Petaluma’s DIY queen explores new chapter

Craft blogger Cathe Holden, the driving force behind the popular blog “Just Something I Made,” focuses on a new style and her local art community.|

Petaluman Cathe Holden has spent years dreaming up hundreds of handmade creations to share with others on her popular craft blog, but now the homegrown DIY queen is ready to focus her efforts on a new passion.

The graphic designer turned craft blogger who’s the mastermind behind the blog “Just Something I Made,” has gained a loyal following during her eight years of sharing her wealth of crafting knowledge though online posts and workshops.

From her “Inspired Barn,” a 1,000-square-foot crafter’s metropolis at her Petaluma home, she’s showcased step-by-step directions for creating complex crafts that range from a cigar box bed with a postage stamp quilt to jewelry to advent calendars, with her blog drawing 10,000 page views a day at its highpoint.

Now, the 50-year-old Missouri native is taking a step back and shifting her focus to a new realm: creating assemblage art, or three-dimensional artworks made using everyday objects, which she sells through Etsy and her website.

She’s also networking in the Petaluma art community, and last week she set up a mercantile in a downtown collective and consignment shop “The Find Petaluma,” incorporating the color scheme from her home studio and offering some of the vintage crafting components and goods for home decor from her studio, as well as completed crafts she’s made.

“This year is a transition for me - not completely out of crafting, but sort of into an art realm,” Holden said, adding that she plans to still work blogging and teaching into her creative lifestyle.

Building on her graphic design and marketing background, Holden’s crafting success started in 2008 after the mother of three tapped into a like-minded online community.

“I thought ‘there are a lot of people like me with kids who are creative,’?” said Holden, who’s the wife of Petaluma Fire Department Battalion Chief Jeff Holden. “I was starting to branch out to see the community primarily because of Etsy, and I thought ‘you know people might be interested to see how a graphic designer crafts.’?”

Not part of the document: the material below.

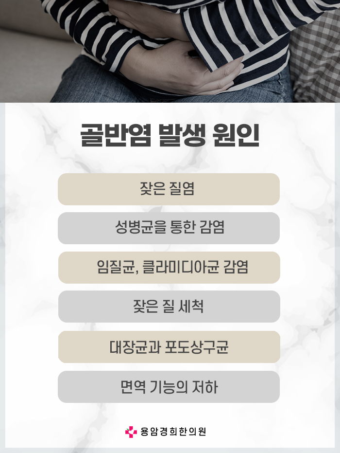 출산 후에는 자궁과 자궁경부가 치유되는 동안 세균이 침투하여 금천동골반염을 일으킬 수 있습니다. 특히 분만 후 위생적인 관리가 제대로 이루어지지 않으면 감염이 발생할 수 있습니다. 만약 면역 시스템이 약화되어 있다면 세균 감염이 쉽게 발생할 수 있습니다. 당뇨병이나 면역질환이 있는 경우 골반염에 걸릴 위험이 증가할 수 있습니다. 또한, 과도한 스트레스나 불규칙한 생활습관 역시 면역력을 저하시킬 수 있습니다. 골반염의 증상은 가벼운 불편감에서부터 심각한 통증과 고열을 동반할 수 있습니다. 증상의 정도는 감염의 범위와 정도에 따라 다를 수 있습니다.

From there, things took off.

The SC Johnson Company, manufacturer of household cleaning supplies, sought out Holden for its “Family Economics” blog shortly after she’d launched her website, and she was commissioned by Chronicle Books to publish a book about paper crafts titled “Rosette Art.” She was asked to become a contributing editor for Country Living Magazine.

Her operation outgrew her home workspace and with help from corporate sponsors, including Lowe’s, which provided the paint and rugs and Overstock.com, which gave lamps and chairs, she turned the barn that once housed her husband’s fishing boat into her highly-organized studio, which she’s meticulously stocked with supplies from flea markets, antique shops, Etsy and EBay.

It was during research to find new techniques for future crafts that she discovered the world of assemblage art, and right away, she was hooked.

“Assemblage work is the perfect combination of graphic design and my passion for vintage goods and crafting, and it just all came together,” she said.

She began to create intricate pieces in vintage wooden boxes and containers, using components including antique labels, cigar boxes, figurines and other objects she’s amassed in her collection over the years.

“I find the centerpiece - some little item - and I love to build a story around that,” she said. “I dig through all boxes of stuff and things come together. All the different components and boxes and trinkets and things build around that small centerpiece.”

And, in keeping with her past successes, her work was noticed quickly, with renowned illustrator and graphic artist Mary Engelbreit purchasing her first assemblage art piece, she said.

Holden said her newfound passion allows her to explore more of her own creativity while immersing herself in the local art community.

“I feel like it’s the right mix. I love Petaluma and I love being in town, it gets me out of the barn,” she said. “It all just kind of came to this with all the different things I do. I don’t want to give up teaching, and I’m finding a way to fit teaching into what I’m doing. I’m finding myself as an artist and not as much as a commercial being – I’ve always had a commercial aspect to my work.”

She ended her contract with SC Johnson about two months ago, and she said she’s enjoying the newest chapter to her story.

“I feel like I don’t answer to anyone and it flows so much more creatively through me,” she said. “I design on a whim and there’s no need to explain every step I’ve taken … it’s not even that I got tired of any of those things, I’m just exploring new things, and I’m really enjoying doing my own art and the fact that it’s actually selling.”